Factors that determine which type of God people believe in:
How a person thinks of God is influenced less by Scripture and more by race, gender, education, income, politics and even where a person lives.
Moreover, researchers say the type of God people believe in can predict their political and moral attitudes better than just looking at their religious tradition.
This finding is part of the Baylor Religion Survey released last week the most extensive survey of religion ever in the United States.
“American Piety in the 21st Century: New Insights to the Depth and Complexity of Religion in the U.S.” was conducted by the Baylor Institute for Studies of Religion and Baylor University’s Department of Sociology, involving 1,721 respondents across the country.
The survey included 29 questions about God’s character and behavior, which researchers said reveal two clear and distinct dimensions of belief in God.
They can be summed up in two questions: What is your belief about how directly God is involved in the world and your personal life? And do you believe God is angry about sin and tends toward punishment and wrath?
From this, researchers concluded that Americans see God in four ways:
Type A: Authoritarian God (31.4 percent): These are believers who tend to think God is highly involved in their daily lives and world affairs. They tend to believe that God helps them in their decision-making, is responsible for global events, is quite angry and capable of meting out punishment on the unfaithful and ungodly.
Type B: Benevolent God (23 percent): These believers tend to think that God is active in their daily lives but are less likely to believe that God is angry. Instead, God is mainly a positive influence in the world and less willing to condemn and punish.
Type C: Critical God (16 percent): Believers in this grouping tend to think that God does not interact with the world but observes the world unfavorably, that God’s displeasure will be felt in another life and that divine justice may not be of this world.
Type D: Distant God (24.4 percent): People who believe this way tend to think that God is not active in the world and not especially angry, that God is more a cosmic force who sets the laws of nature in motion and does not do things in the world nor hold clear opinions about individuals’ activities or world events.
The remaining 5.2 percent of those surveyed say they are atheists.
Stephen J. Andrews, Old Testament, Hebrew and archaeology professor at Midwestern Baptist Theological Seminary, said surveys often simplify conclusions, and categories often represent extremes.
“This appears to be true of this survey,” he said. “The trouble is that religious faith, which includes the human perception of deity, is far more complex and sophisticated.”
The Bible presents a picture of a God who is somewhat of a paradox, one who is just, meting out punishment, but also benevolent, caring for people, he said.
“I wonder if there had been another mediating option between ‘A’ and ‘B’ if the survey results would be different. I think they would.”
Warren Carter, New Testament professor at St.

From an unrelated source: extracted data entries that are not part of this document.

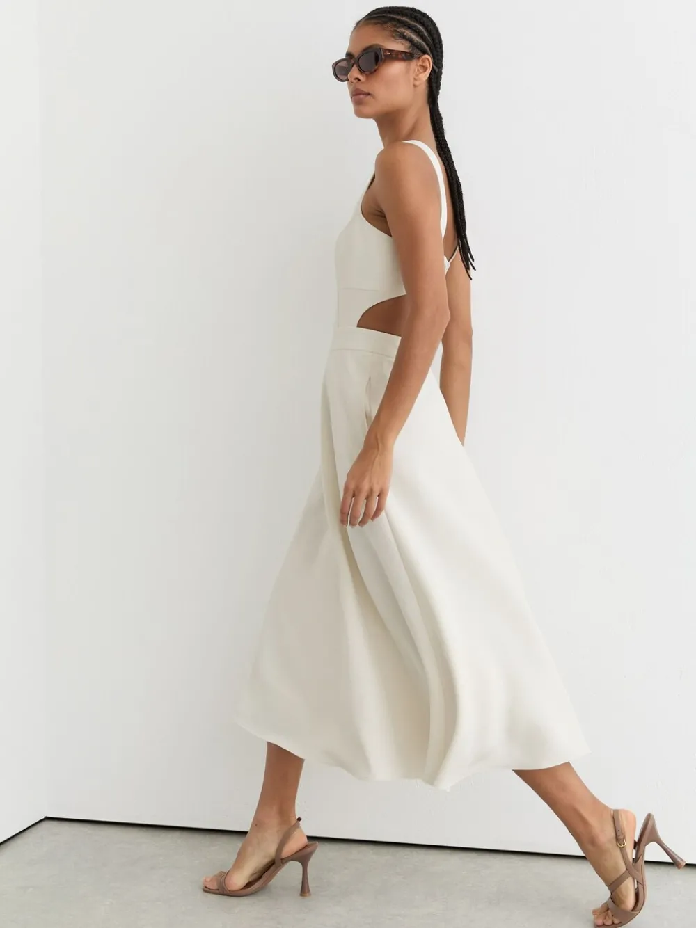 The Dina midi dress is crafted from twill with a fitted, boned bodice and gently flared skirt, creating a waisted silhouette. A cut-out back adds a modern touch. Twill fabric Cut-out back Boned bodice Square neckline Wide shoulder straps Subtly flared skirt Side slip pockets Concealed back zip The model is wearing a size 8 Measurements of model: 5ft9 / 175cm Standaardmaat van de zijkant van de nek tot de zoom 49″ / 125 cm. Machinewasbaar. 100% polyester.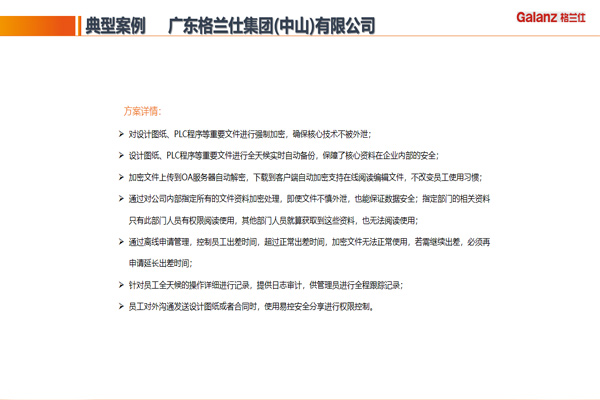 没有人授权的情况下,笔记本私自带离开公司,上面的加密文件就都打不开了,为了满足客户的出差需求,外出人员出差前,可以给到他一定的离线权限:在设定时间内,出差人员除了可以打开笔记本上的加密文件外,是否可以对加密文件进行编辑、修改、打印等权限可以一并先设置好,笔记本带出去才可以用。因为外带的电脑里面的文件是加密状态,所以不用担心员工在出差过程中的拷贝或者外发风险。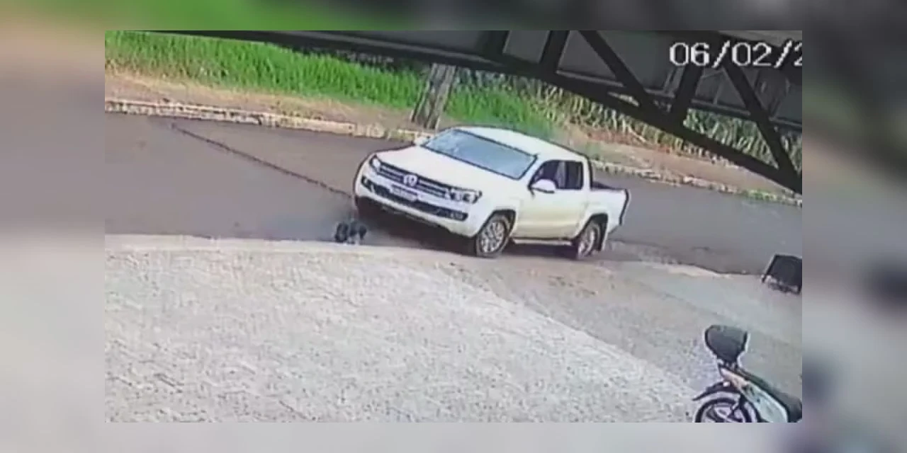 Imagens de uma câmera de segurança mostram o momento em que a cadela anda sobre uma calçada. Na sequência, uma caminhonete aparece e o motorista muda de pista, se aproximando do animal, que tenta fugir, mas acaba sendo atingido pelo pneu dianteiro do carro.

Paul School of Theology, wondered what role Scripture plays in forming people’s views.
“It’s interesting that ‘B’ is the closest to the emphasis of the New Testament writers, though aspects of ‘A’ are also present,” he said. “Generally, views ‘C’ and ‘D’ are not prominent in the New Testament.
“This suggests that for some people the New Testament texts, along with other factors, are important in shaping their perceptions of God, while for others the experiences of their own lives and of what is happening in the world play a greater role in their images of God.”
The survey says it’s possible to look at demographic and religious factors of an individual and conclude which view of God that person is likely to hold.
For example, women tend to believe in a God who is more engaged in their lives (Types A and B) and men tend toward less engaged images (Type D). The majority of African-Americans (53.4 percent) believe in an Authoritarian God.
People with less education and lower incomes tend toward the more engaged images of God (Types A and B), while those with college degrees and incomes of more than $100,000 tend to believe in a Distant God or are atheists.
Geography also appeared to shape views: Easterners tend toward belief in a Critical God; Southerners, an Authoritarian God; Midwesterners, a Benevolent God; and West Coasters, a Distant God.
People with more engaged images of God (Types A and B) are more likely to attend church weekly and pray several times a day. God’s anger (Type C) does little to inspire religious practice and participation.
Catholics, mainline Protestants and Jews tend to believe in a more Distant God, while evangelical Protestants and black Protestants tend to believe in a more Authoritarian God.
People who feel strongly that God is a “he” tend to believe in an Authoritarian God.
Are those who believe, "God-fearing" or "God-loving"?